*WHAT YOU ARE ASKED TO DO:* Your response should be the complete data, transcribed exactly.

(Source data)
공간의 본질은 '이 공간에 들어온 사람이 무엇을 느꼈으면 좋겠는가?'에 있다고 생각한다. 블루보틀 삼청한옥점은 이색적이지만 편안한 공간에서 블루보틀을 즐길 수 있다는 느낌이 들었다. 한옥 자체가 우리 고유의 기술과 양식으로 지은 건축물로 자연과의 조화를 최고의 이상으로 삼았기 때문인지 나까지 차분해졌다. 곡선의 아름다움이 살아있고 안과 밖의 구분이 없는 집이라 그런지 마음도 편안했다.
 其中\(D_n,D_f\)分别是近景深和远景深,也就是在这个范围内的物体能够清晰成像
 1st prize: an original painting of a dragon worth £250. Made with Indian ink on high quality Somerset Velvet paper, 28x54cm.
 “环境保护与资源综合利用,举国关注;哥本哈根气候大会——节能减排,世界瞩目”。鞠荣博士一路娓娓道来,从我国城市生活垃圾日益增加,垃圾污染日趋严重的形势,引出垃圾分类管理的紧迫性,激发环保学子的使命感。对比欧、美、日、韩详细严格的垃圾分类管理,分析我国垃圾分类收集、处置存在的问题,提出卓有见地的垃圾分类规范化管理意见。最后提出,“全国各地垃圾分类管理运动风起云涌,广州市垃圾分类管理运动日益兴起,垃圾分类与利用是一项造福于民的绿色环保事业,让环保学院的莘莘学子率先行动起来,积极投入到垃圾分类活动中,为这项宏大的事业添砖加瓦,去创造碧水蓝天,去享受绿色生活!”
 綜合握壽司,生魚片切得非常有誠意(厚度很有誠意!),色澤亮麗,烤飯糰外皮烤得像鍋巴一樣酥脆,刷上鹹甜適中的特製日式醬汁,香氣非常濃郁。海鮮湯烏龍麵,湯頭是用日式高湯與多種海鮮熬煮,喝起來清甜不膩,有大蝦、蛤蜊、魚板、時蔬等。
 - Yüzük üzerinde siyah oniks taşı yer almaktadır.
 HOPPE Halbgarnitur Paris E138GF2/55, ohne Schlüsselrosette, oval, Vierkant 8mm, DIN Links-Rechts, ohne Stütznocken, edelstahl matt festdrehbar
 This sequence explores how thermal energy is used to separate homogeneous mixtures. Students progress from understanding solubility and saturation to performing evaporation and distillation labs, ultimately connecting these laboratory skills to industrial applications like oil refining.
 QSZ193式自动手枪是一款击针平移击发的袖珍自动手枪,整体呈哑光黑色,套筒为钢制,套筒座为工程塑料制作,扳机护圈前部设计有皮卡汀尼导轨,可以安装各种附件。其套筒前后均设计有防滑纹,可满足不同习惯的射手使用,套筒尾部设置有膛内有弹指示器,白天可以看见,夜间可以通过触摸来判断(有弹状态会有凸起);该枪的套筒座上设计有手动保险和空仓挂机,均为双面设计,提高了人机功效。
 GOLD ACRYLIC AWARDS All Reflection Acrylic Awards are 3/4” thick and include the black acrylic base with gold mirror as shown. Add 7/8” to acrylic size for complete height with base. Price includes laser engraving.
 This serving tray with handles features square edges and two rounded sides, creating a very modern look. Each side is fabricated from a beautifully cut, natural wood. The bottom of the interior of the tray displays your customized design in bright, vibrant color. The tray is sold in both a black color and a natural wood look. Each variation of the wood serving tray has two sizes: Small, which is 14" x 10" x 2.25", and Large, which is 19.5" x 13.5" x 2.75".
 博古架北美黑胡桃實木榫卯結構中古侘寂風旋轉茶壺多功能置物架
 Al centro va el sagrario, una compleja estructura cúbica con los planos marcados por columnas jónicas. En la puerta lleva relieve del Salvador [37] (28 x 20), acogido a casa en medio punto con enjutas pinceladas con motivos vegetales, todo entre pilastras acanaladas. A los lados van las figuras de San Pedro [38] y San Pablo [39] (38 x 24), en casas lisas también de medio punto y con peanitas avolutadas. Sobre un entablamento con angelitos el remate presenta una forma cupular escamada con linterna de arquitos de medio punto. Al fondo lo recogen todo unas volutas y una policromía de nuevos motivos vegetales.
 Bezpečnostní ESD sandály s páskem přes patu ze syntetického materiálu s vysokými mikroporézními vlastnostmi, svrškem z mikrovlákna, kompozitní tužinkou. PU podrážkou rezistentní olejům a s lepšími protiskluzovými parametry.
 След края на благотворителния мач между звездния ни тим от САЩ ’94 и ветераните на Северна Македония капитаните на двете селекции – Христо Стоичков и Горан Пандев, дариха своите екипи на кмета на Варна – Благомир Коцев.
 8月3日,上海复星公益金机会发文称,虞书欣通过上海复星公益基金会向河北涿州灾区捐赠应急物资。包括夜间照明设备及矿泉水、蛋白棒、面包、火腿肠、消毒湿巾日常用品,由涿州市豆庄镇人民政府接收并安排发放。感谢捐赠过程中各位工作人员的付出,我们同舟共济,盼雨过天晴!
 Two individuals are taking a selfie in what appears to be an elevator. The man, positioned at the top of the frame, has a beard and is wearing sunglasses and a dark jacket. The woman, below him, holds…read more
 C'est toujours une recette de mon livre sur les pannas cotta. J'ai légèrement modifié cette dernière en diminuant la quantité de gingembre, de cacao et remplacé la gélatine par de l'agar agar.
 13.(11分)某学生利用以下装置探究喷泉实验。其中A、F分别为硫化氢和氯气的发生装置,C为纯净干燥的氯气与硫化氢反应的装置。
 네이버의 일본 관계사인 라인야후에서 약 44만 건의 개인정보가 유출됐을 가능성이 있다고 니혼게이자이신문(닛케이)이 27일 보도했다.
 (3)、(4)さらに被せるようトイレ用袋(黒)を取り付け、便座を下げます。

*EXERCISE RESPONSE:*
공간의 본질은 '이 공간에 들어온 사람이 무엇을 느꼈으면 좋겠는가?'에 있다고 생각한다. 블루보틀 삼청한옥점은 이색적이지만 편안한 공간에서 블루보틀을 즐길 수 있다는 느낌이 들었다. 한옥 자체가 우리 고유의 기술과 양식으로 지은 건축물로 자연과의 조화를 최고의 이상으로 삼았기 때문인지 나까지 차분해졌다. 곡선의 아름다움이 살아있고 안과 밖의 구분이 없는 집이라 그런지 마음도 편안했다.
 其中\(D_n,D_f\)分别是近景深和远景深,也就是在这个范围内的物体能够清晰成像
 1st prize: an original painting of a dragon worth £250. Made with Indian ink on high quality Somerset Velvet paper, 28x54cm.
 “环境保护与资源综合利用,举国关注;哥本哈根气候大会——节能减排,世界瞩目”。鞠荣博士一路娓娓道来,从我国城市生活垃圾日益增加,垃圾污染日趋严重的形势,引出垃圾分类管理的紧迫性,激发环保学子的使命感。对比欧、美、日、韩详细严格的垃圾分类管理,分析我国垃圾分类收集、处置存在的问题,提出卓有见地的垃圾分类规范化管理意见。最后提出,“全国各地垃圾分类管理运动风起云涌,广州市垃圾分类管理运动日益兴起,垃圾分类与利用是一项造福于民的绿色环保事业,让环保学院的莘莘学子率先行动起来,积极投入到垃圾分类活动中,为这项宏大的事业添砖加瓦,去创造碧水蓝天,去享受绿色生活!”
 綜合握壽司,生魚片切得非常有誠意(厚度很有誠意!),色澤亮麗,烤飯糰外皮烤得像鍋巴一樣酥脆,刷上鹹甜適中的特製日式醬汁,香氣非常濃郁。海鮮湯烏龍麵,湯頭是用日式高湯與多種海鮮熬煮,喝起來清甜不膩,有大蝦、蛤蜊、魚板、時蔬等。
 - Yüzük üzerinde siyah oniks taşı yer almaktadır.
 HOPPE Halbgarnitur Paris E138GF2/55, ohne Schlüsselrosette, oval, Vierkant 8mm, DIN Links-Rechts, ohne Stütznocken, edelstahl matt festdrehbar
 This sequence explores how thermal energy is used to separate homogeneous mixtures. Students progress from understanding solubility and saturation to performing evaporation and distillation labs, ultimately connecting these laboratory skills to industrial applications like oil refining.
 QSZ193式自动手枪是一款击针平移击发的袖珍自动手枪,整体呈哑光黑色,套筒为钢制,套筒座为工程塑料制作,扳机护圈前部设计有皮卡汀尼导轨,可以安装各种附件。其套筒前后均设计有防滑纹,可满足不同习惯的射手使用,套筒尾部设置有膛内有弹指示器,白天可以看见,夜间可以通过触摸来判断(有弹状态会有凸起);该枪的套筒座上设计有手动保险和空仓挂机,均为双面设计,提高了人机功效。
 GOLD ACRYLIC AWARDS All Reflection Acrylic Awards are 3/4” thick and include the black acrylic base with gold mirror as shown. Add 7/8” to acrylic size for complete height with base. Price includes laser engraving.
 This serving tray with handles features square edges and two rounded sides, creating a very modern look. Each side is fabricated from a beautifully cut, natural wood. The bottom of the interior of the tray displays your customized design in bright, vibrant color. The tray is sold in both a black color and a natural wood look. Each variation of the wood serving tray has two sizes: Small, which is 14" x 10" x 2.25", and Large, which is 19.5" x 13.5" x 2.75".
 博古架北美黑胡桃實木榫卯結構中古侘寂風旋轉茶壺多功能置物架
 Al centro va el sagrario, una compleja estructura cúbica con los planos marcados por columnas jónicas. En la puerta lleva relieve del Salvador [37] (28 x 20), acogido a casa en medio punto con enjutas pinceladas con motivos vegetales, todo entre pilastras acanaladas. A los lados van las figuras de San Pedro [38] y San Pablo [39] (38 x 24), en casas lisas también de medio punto y con peanitas avolutadas. Sobre un entablamento con angelitos el remate presenta una forma cupular escamada con linterna de arquitos de medio punto. Al fondo lo recogen todo unas volutas y una policromía de nuevos motivos vegetales.
 Bezpečnostní ESD sandály s páskem přes patu ze syntetického materiálu s vysokými mikroporézními vlastnostmi, svrškem z mikrovlákna, kompozitní tužinkou. PU podrážkou rezistentní olejům a s lepšími protiskluzovými parametry.
 След края на благотворителния мач между звездния ни тим от САЩ ’94 и ветераните на Северна Македония капитаните на двете селекции – Христо Стоичков и Горан Пандев, дариха своите екипи на кмета на Варна – Благомир Коцев.
 8月3日,上海复星公益金机会发文称,虞书欣通过上海复星公益基金会向河北涿州灾区捐赠应急物资。包括夜间照明设备及矿泉水、蛋白棒、面包、火腿肠、消毒湿巾日常用品,由涿州市豆庄镇人民政府接收并安排发放。感谢捐赠过程中各位工作人员的付出,我们同舟共济,盼雨过天晴!
 Two individuals are taking a selfie in what appears to be an elevator. The man, positioned at the top of the frame, has a beard and is wearing sunglasses and a dark jacket. The woman, below him, holds…read more
 C'est toujours une recette de mon livre sur les pannas cotta. J'ai légèrement modifié cette dernière en diminuant la quantité de gingembre, de cacao et remplacé la gélatine par de l'agar agar.
 13.(11分)某学生利用以下装置探究喷泉实验。其中A、F分别为硫化氢和氯气的发生装置,C为纯净干燥的氯气与硫化氢反应的装置。
 네이버의 일본 관계사인 라인야후에서 약 44만 건의 개인정보가 유출됐을 가능성이 있다고 니혼게이자이신문(닛케이)이 27일 보도했다.
 (3)、(4)さらに被せるようトイレ用袋(黒)を取り付け、便座を下げます。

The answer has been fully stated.